Brief: The records are to be copied word for word, and the pictures dropped.

(Saved data entries)
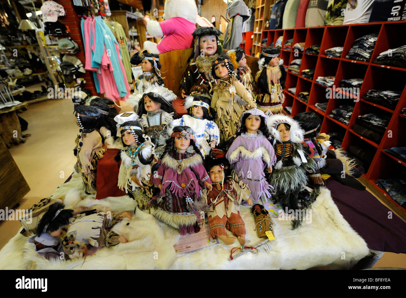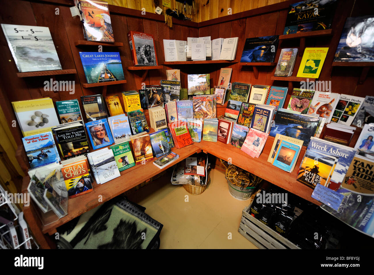 Book Display in Agawa Crafts and the Canadian Carver on Highway 17 Pancake Bay Ontario Canada
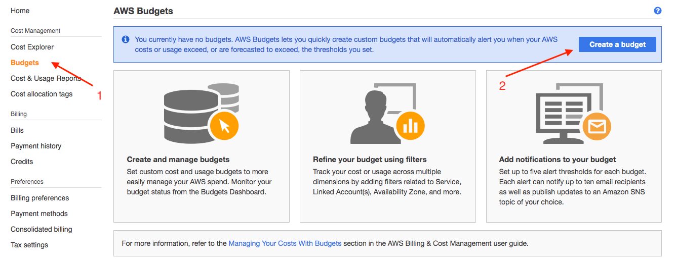 Set up a email notification when your budget exceed 80% then click "Confirm Budget"
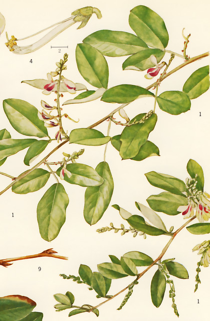 Leaves are alternate, tifoliolate. Leaflets are elliptic to oblong, entire on the margin.
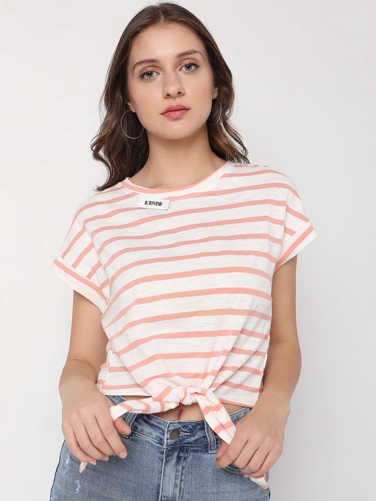 This Deal peach cotton stripe pattern top will add versatility to your wardrobe. It has a round neck to stay comfy.
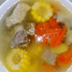 排骨炖了30分钟放玉米跟醋、盐、和少许料酒,在顿15分钟放入胡萝卜和大葱,在顿15分钟放入鸡精起锅。
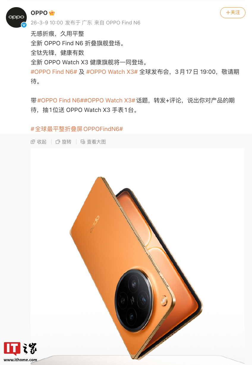 IT之家 3 月 9 日消息,OPPO 今天宣布 Watch X3 智能手表将于 3 月 17 日晚 19:00 发布,与 Find N6 大折叠同台登场,号称“健康旗舰”。
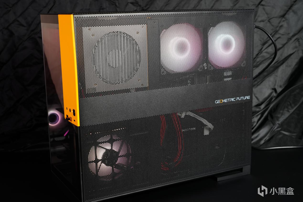 除開前面板&側面爲全景玻璃外,其頂部、背部、後部均有大面積網孔,就連電源風扇都可以看到。
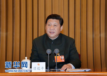 2013年3月11日,中共中央总书记、中共中央军委主席习近平出席十二届全国人大一次会议解放军代表团全体会议并发表重要讲话。新华社记者李刚摄
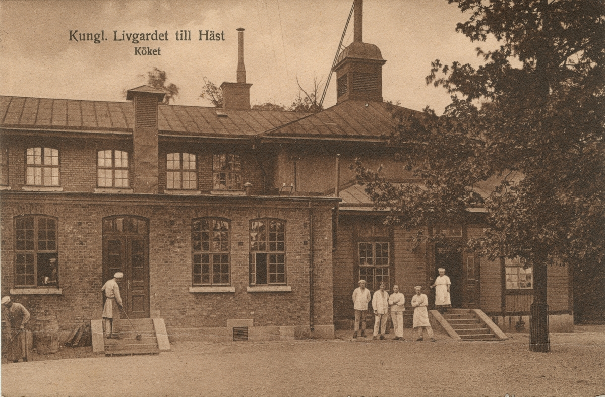 Titel: Exteriörbild på Livregementet till häst matsal med vitklädda kockar utanför byggnaden.
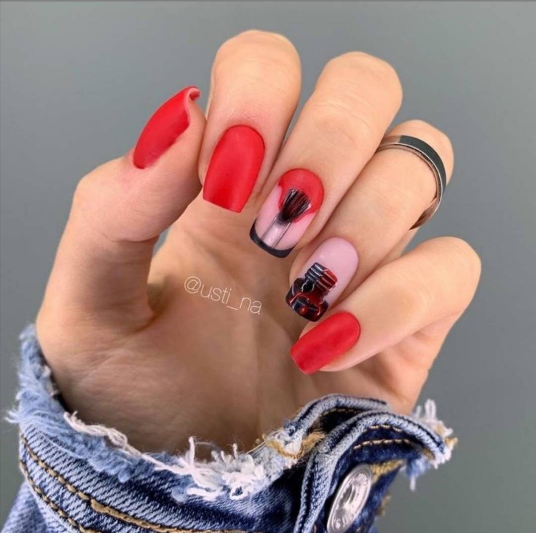 Не обошел его своим вниманием и найл-арт. Преимущественно такой маникюр используют на праздничных мероприятиях, чтобы подчеркнуть торжественность момента

Solution:
 Book Display in Agawa Crafts and the Canadian Carver on Highway 17 Pancake Bay Ontario Canada
 Set up a email notification when your budget exceed 80% then click "Confirm Budget"
 Leaves are alternate, tifoliolate. Leaflets are elliptic to oblong, entire on the margin.
 This Deal peach cotton stripe pattern top will add versatility to your wardrobe. It has a round neck to stay comfy.
 排骨炖了30分钟放玉米跟醋、盐、和少许料酒,在顿15分钟放入胡萝卜和大葱,在顿15分钟放入鸡精起锅。
 IT之家 3 月 9 日消息,OPPO 今天宣布 Watch X3 智能手表将于 3 月 17 日晚 19:00 发布,与 Find N6 大折叠同台登场,号称“健康旗舰”。
 除開前面板&側面爲全景玻璃外,其頂部、背部、後部均有大面積網孔,就連電源風扇都可以看到。
 2013年3月11日,中共中央总书记、中共中央军委主席习近平出席十二届全国人大一次会议解放军代表团全体会议并发表重要讲话。新华社记者李刚摄
 Titel: Exteriörbild på Livregementet till häst matsal med vitklädda kockar utanför byggnaden.
 Не обошел его своим вниманием и найл-арт. Преимущественно такой маникюр используют на праздничных мероприятиях, чтобы подчеркнуть торжественность момента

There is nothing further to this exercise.